Could you print the stretch of lines below from the one with "タイロッドという場所のロック" through the one with "- KitchenCabinets Stain, Eat-in", exactly as they stand and without any pictures?
===== Material supplied
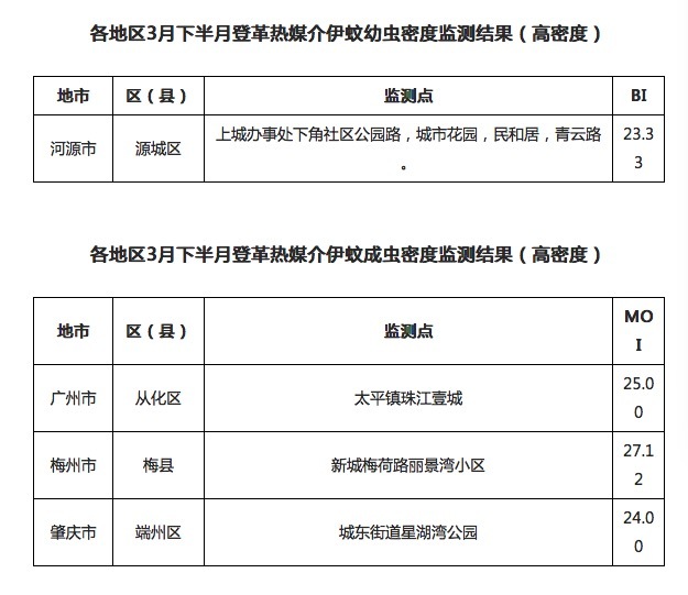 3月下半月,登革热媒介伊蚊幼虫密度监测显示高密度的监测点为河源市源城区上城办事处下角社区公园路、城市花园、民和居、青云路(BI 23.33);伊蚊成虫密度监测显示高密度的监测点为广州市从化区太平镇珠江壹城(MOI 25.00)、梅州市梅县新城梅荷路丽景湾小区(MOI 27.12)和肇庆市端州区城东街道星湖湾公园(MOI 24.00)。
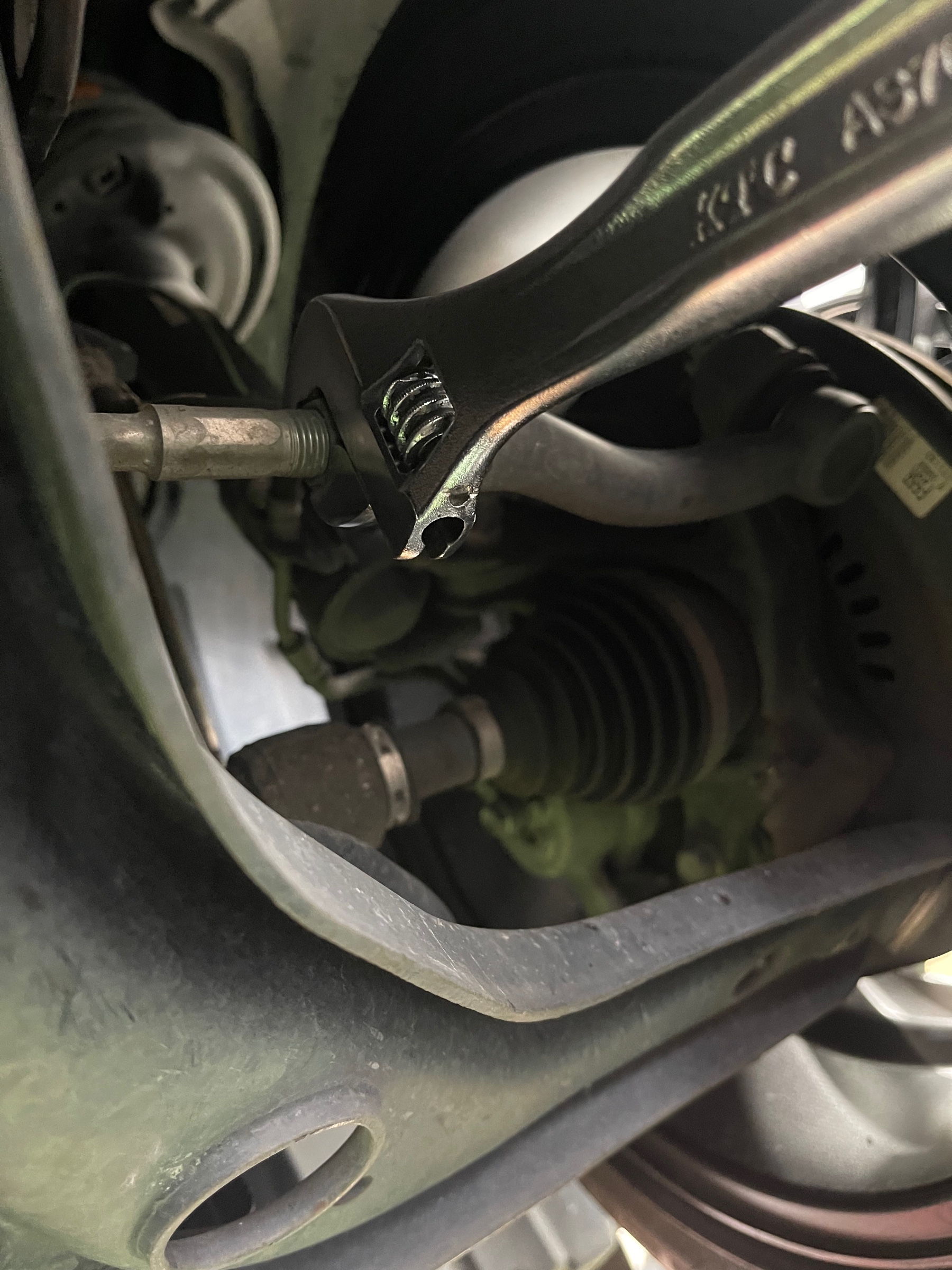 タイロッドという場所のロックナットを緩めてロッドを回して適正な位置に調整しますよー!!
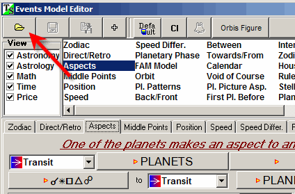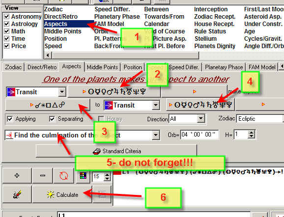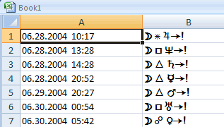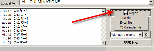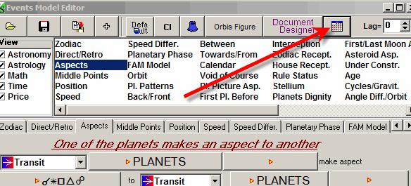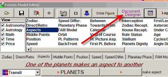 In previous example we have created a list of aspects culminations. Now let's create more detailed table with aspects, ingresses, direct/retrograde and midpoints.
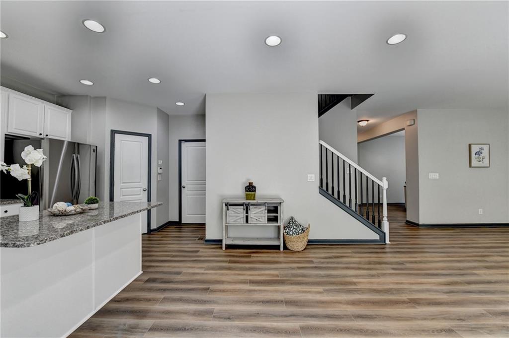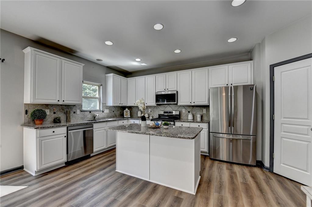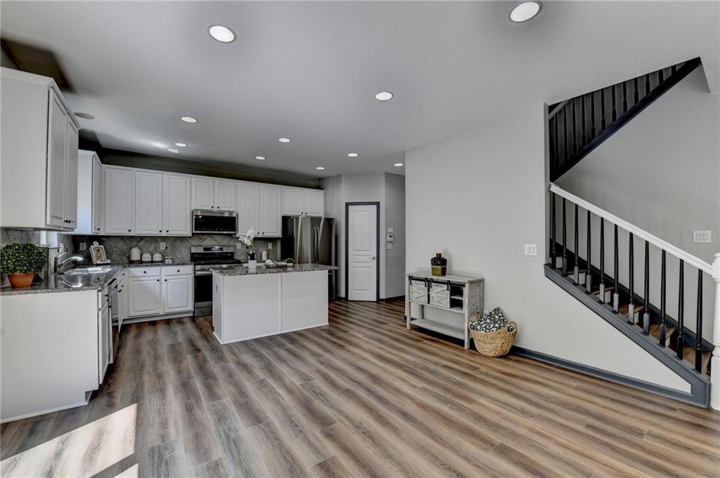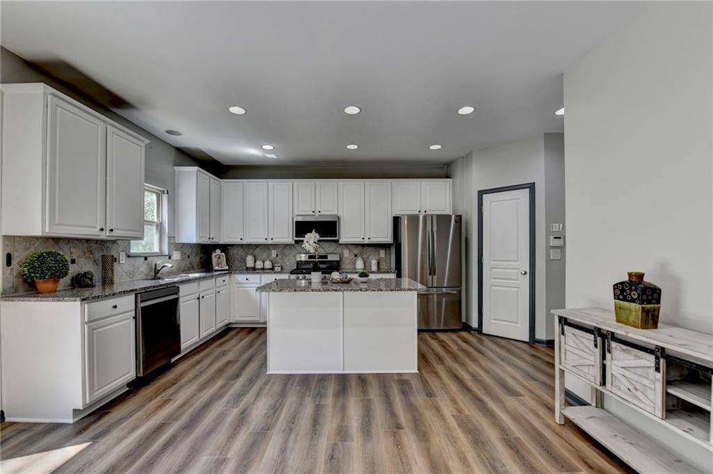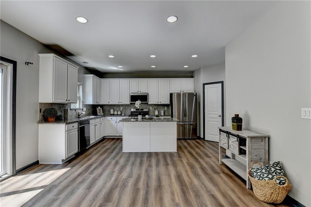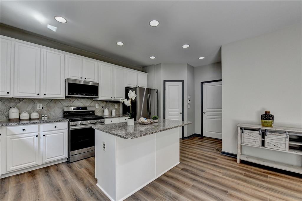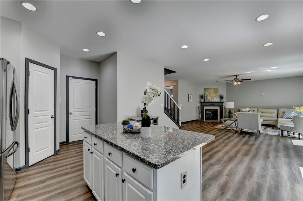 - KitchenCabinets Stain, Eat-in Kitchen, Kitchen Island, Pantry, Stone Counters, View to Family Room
==========
===== Material supplied
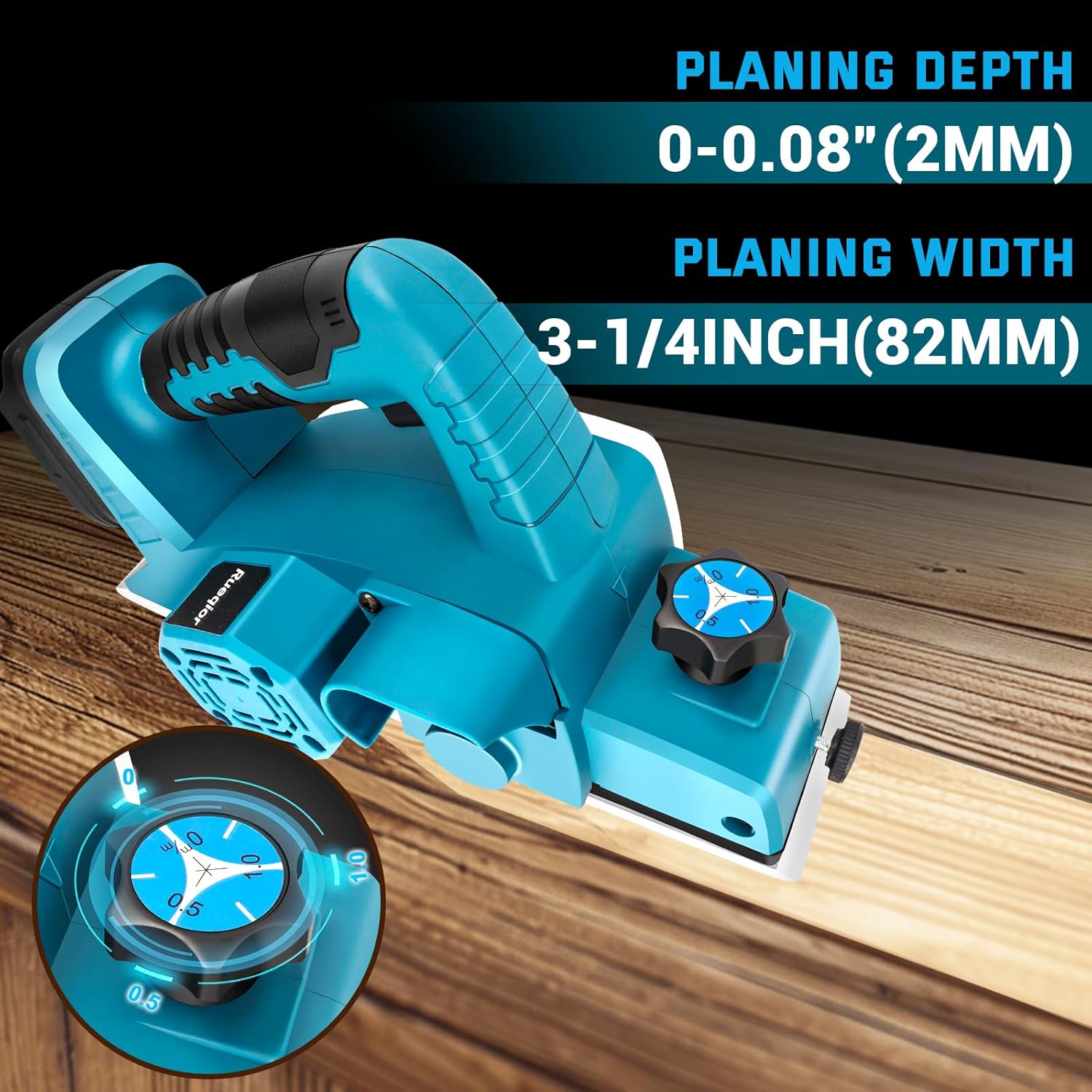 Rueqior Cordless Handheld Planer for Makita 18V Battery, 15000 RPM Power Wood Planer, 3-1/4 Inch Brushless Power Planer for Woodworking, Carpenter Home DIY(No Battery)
==========
===== Material supplied
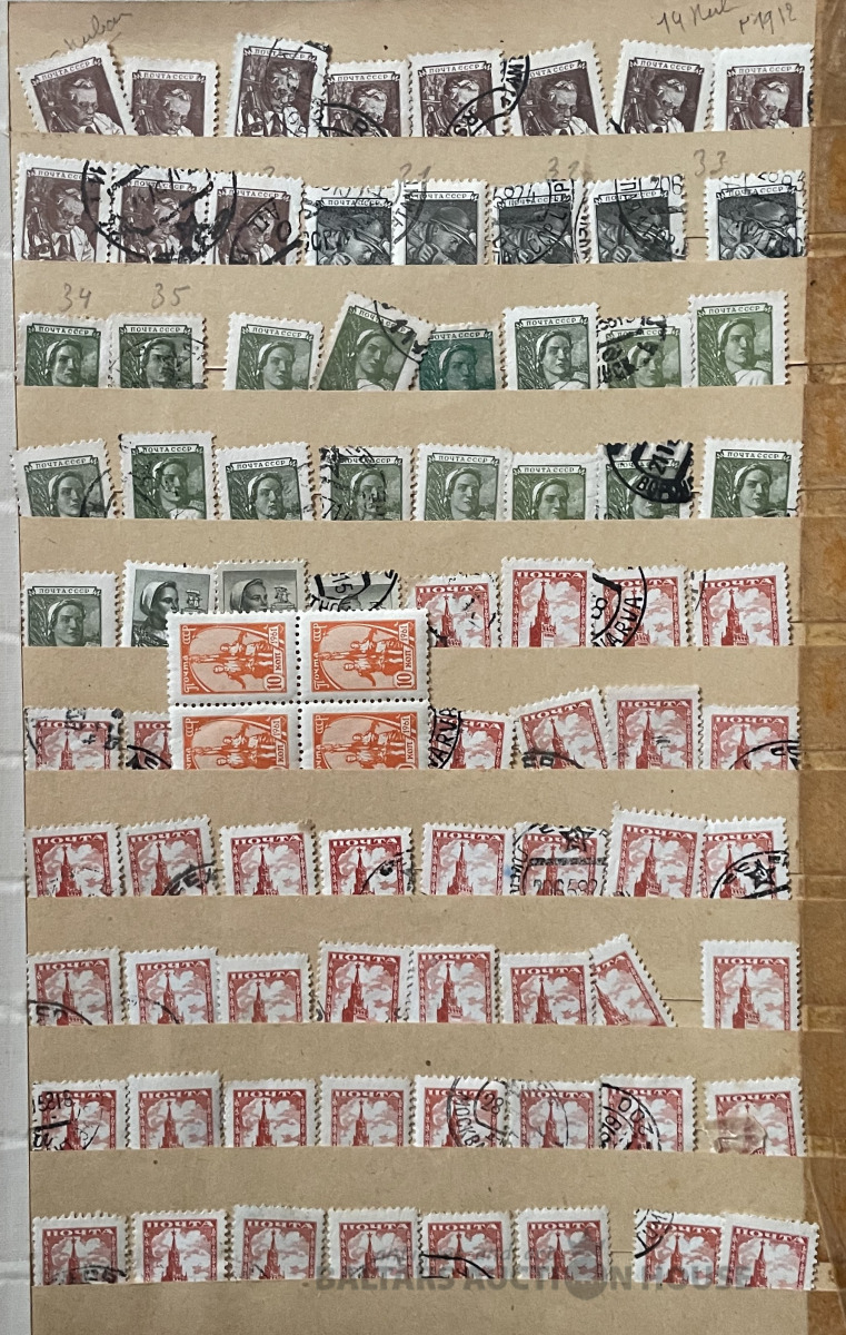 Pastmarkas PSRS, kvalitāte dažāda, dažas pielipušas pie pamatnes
==========
:: Answer box ::
 タイロッドという場所のロックナットを緩めてロッドを回して適正な位置に調整しますよー!!
 In previous example we have created a list of aspects culminations. Now let's create more detailed table with aspects, ingresses, direct/retrograde and midpoints.
 - KitchenCabinets Stain, Eat-in Kitchen, Kitchen Island, Pantry, Stone Counters, View to Family Room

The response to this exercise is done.